Seems nFeature_RNA is enriched in [200, 7500].
1
2
| data = subset(data, subset = nFeature_RNA > 200 & nFeature_RNA <7500 & percent.mt < 10)
dim(data)
|
Normalization
1
| data = NormalizeData(data, normalization.method = "LogNormalize", scale.factor = 10000)
|
Feature Selection
1
2
3
4
5
| data = FindVariableFeatures(data, selection.method = "vst", nfeatures = 2000)
top10 = head(VariableFeatures(data), 10)
plot1 = VariableFeaturePlot(data)
plot2 = LabelPoints(plot = plot1, points = top10, repel = TRUE)
plot2
|
Scale the Data
1
2
| all.genes = rownames(data)
data = ScaleData(data, features = all.genes)
|
1
2
3
4
| data = RunPCA(data, features = VariableFeatures(object = data))
print(data[["pca"]], dims = 1:5, nfeatures = 5)
VizDimLoadings(data, dims = 1:2, reduction = "pca")
DimPlot(data, reduction = "pca")
|
Determine the PC
11 clusters seems to be good.
Cluster the Cells
1
2
3
| data = FindNeighbors(data, dims = 1:11)
data = FindClusters(data)
head(Idents(data), 5)
|
It returns me 14 clusters.
Run Non-linear Dimensional Reduction (UMAP)
1
2
| data = RunUMAP(data, dims = 1:14)
DimPlot(data, reduction = "umap", label = T)
|
Find the Markers
1
2
3
| markers <- FindAllMarkers(data, only.pos = TRUE, min.pct = 0.25, logfc.threshold = 0.25,test.use = "roc")
markers=markers %>% group_by(cluster) %>% top_n(n = 2, wt = avg_log2FC)
DT::datatable(markers)
|
I think the dotplot below is useful if you are sure of the cell types that may be present in the sample.

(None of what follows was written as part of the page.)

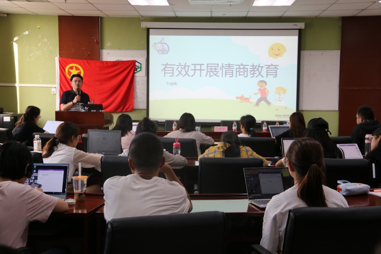 5月31日晚上6点,由“服务学习”实践创新辅导员工作室主办,欧洲杯 团委实践部协办的“情商教育”主题培训在后主楼1420正式开始。本次讲座有幸邀请到龅牙兔儿童情商乐园的资深情商训练师牛丽梅老师来为同学们培训“如何为中小学生开展情商教育”,讲座由林思丽老师主持,40余名暑期支教队队员前来学习。 讲座中,首先由龅牙兔儿童情商乐园王世平总监进行开场介绍,王世平总监介绍了龅牙兔情商乐园成立与发展的经过,目前龅牙兔已覆盖全国上百座城市,建立187多家情商乐园,每年都有上万名儿童进入龅牙兔学习情商。 接着牛丽梅老师主讲:情商教育是什么?情商训练如何起作用及具体如何做?如何成为合格的儿童心理辅导老师? 第一部分中,牛老师为大家阐述情商教育就是在体验中学习:去设置场景,带孩子体验,进行思考总结形成习惯性思维。 第二部分中,牛老师重点讲述情商训练的具体方法,强调与孩子建立积极关系,坚持每个孩子都是独一无二的原则,去投入的、不带目的地与孩子一起玩,对孩子表示兴趣并给予标志性表扬。现场4名同学和老师一起进行游戏互动,去体验在游戏中训练孩子情商。通过引入、规则、体验、提问、总结等步骤让同学们深入了解情商技巧训练策略。 图 4名同学现场做游戏 在第三部分,“如何成为合格的心理辅导老师”引发在场同学们的思考和讨论。牛老师一再强调:“当你们在支教过程中扮演老师的角色时,一定不要把自己当做高高在上的老师,而是情商环境的创设者、情商活动的组织者、儿童的引导者与陪者。”在牛老师的指导下,同学们就如何成为合格的心理辅导老师展开热烈的探讨。 讲座的最后,牛老师把“教育,就是用生命影响生命”这句话送给即将开始暑假支教活动的同学,愿与同学们共勉。同学们纷纷表示收获良多。 (张曼玉供图供稿) |

I have listed here the marker genes of pancreatic cells (both exocrine and endocrine).
1
| DotPlot(data, features = c("Gcg","Ins1","Ins2","Iapp","Ppy","Sst","Ghrl","Prss1","Krt19","Plvap","Pecam1","Vwf","Angpt2","Col1a2","Timp1","Fn1","Postn","Acta2","Tpsb2","Tpsd1","Tpsab1","Cd86"))
|
Rename the Clusters
1
2
3
4
| cluster.ids <- c("Beta cells","Co-expression","Acinar cells","Beta cells","Ductal cells","Delta cells","Acinar cells","Co-expression","Unclassified cells","Unclassified cells","Co-expression","Endothelial cells","MHC class 2","PSCs")

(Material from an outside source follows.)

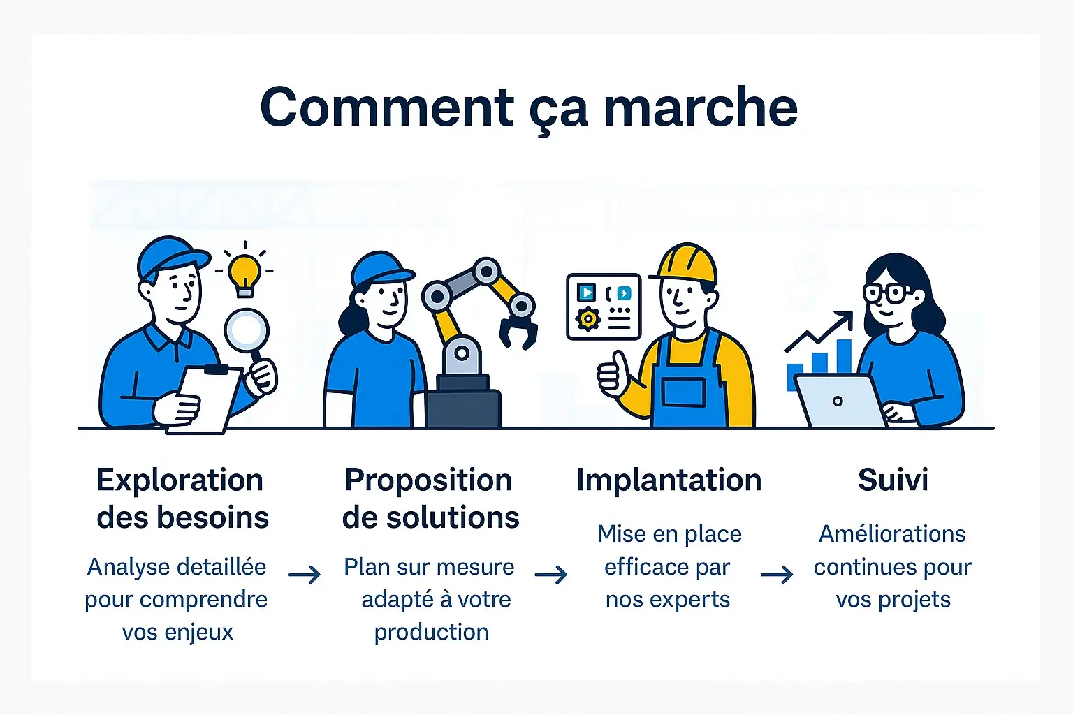 Planifiez une consultation Google Meet de 30 mins avec un expert neutre pour explorer vos enjeux de production. Si une Visite SMART est de mise, nous irons vous visiter afin de cartographier votre réalité planché ainsi que les solutions d’automatisation pour résoudre vos enjeux de productivités.

names(cluster.ids) <- levels(data)
data <- RenameIdents(data, cluster.ids)
DimPlot(data, reduction = "umap", label = TRUE, pt.size = 1)
|
(Updated on 2021/11/16) There is a problem with the axis of original figure. Now that the data from exocrine and endocrine are separated… the results of UMAP are as follows.
Exocrine
Endocrine
What’s the next step?
The differences in physiological functions between the marker genes of different groups can be examined using online Gene Ontology (GO) enrichment analysis.